Development of Predictive Models for Disinfection by-products and Filtration Technology Assessment in Small Community Water Supply Systems
In the province of Newfoundland and Labrador, chlorine is the most commonly used form of disinfection. Out of 536 public water supply systems, 459 utilities use chlorine. Chlorine is considered to be the most effective disinfectant to kill microorganisms in drinking water, but in the presence of natural organic matters (NOMs), residual chlorine reacts with NOMs and forms disinfection by-products (DBPS) in the water supply system, some of which are harmful to health and have shown to be carcinogenic in animal studies. There are hundreds of different types of known DBPs associated with different forms of disinfection and it is difficult to monitor all of them. The recent focus has been on two groups of DBPs: trihalomethanes (THMs) and haloacetic acids (HAAs), since these two groups have been identified as the largest class of DBPs detected in chlorinated drinking water.
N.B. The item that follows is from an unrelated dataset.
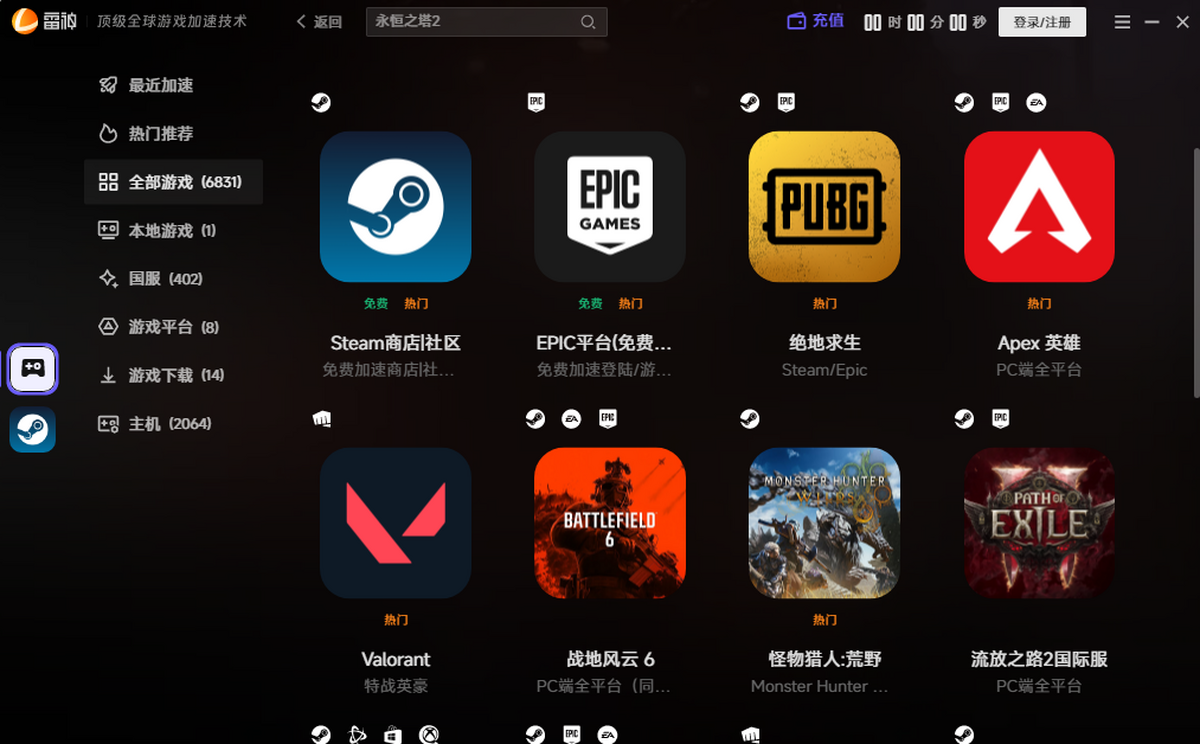 涵盖海内外超2000+款热门游戏 大众小众游戏应有尽有;雷神加速器支持市面上所有主流常见游戏加速,针对新上线联机加速游戏,第一时间提供游戏加速和免费体验,海量游戏全覆盖;

The main objective of this study was to conduct an in-depth investigation on the formation of DBPs in the drinking water supply systems in small communities near St. Johns, NL. This was accomplished by taking water samples from the intake and from different points in the water supply system after chlorination (e.g., storage tanks, main transmission lines and residential taps). For this, the communities of Torbay and Pouch Cove were selected following a detailed investigation. The detailed analysis on the level of THMs and HAAs was conducted for these two communities with and without filtration. The levels of DBPs in these communities were found to be much higher than the Canadian guidelines.
Another objective of this study was to design a cost-effective filtration system to reduce THMs and HAAs in the drinking water systems. To reduce the concentration of THMs and HAAs, a series of experiments were conducted on tap water from Pouch Cove using an inexpensive absorbent. The results show more than 95% removal of THMs and a 35% of HAAs in the Pouch Cove drinking water using activated carbon. The preliminary analysis shows a great potential to develop an affordable filtration technology for small communities in the province.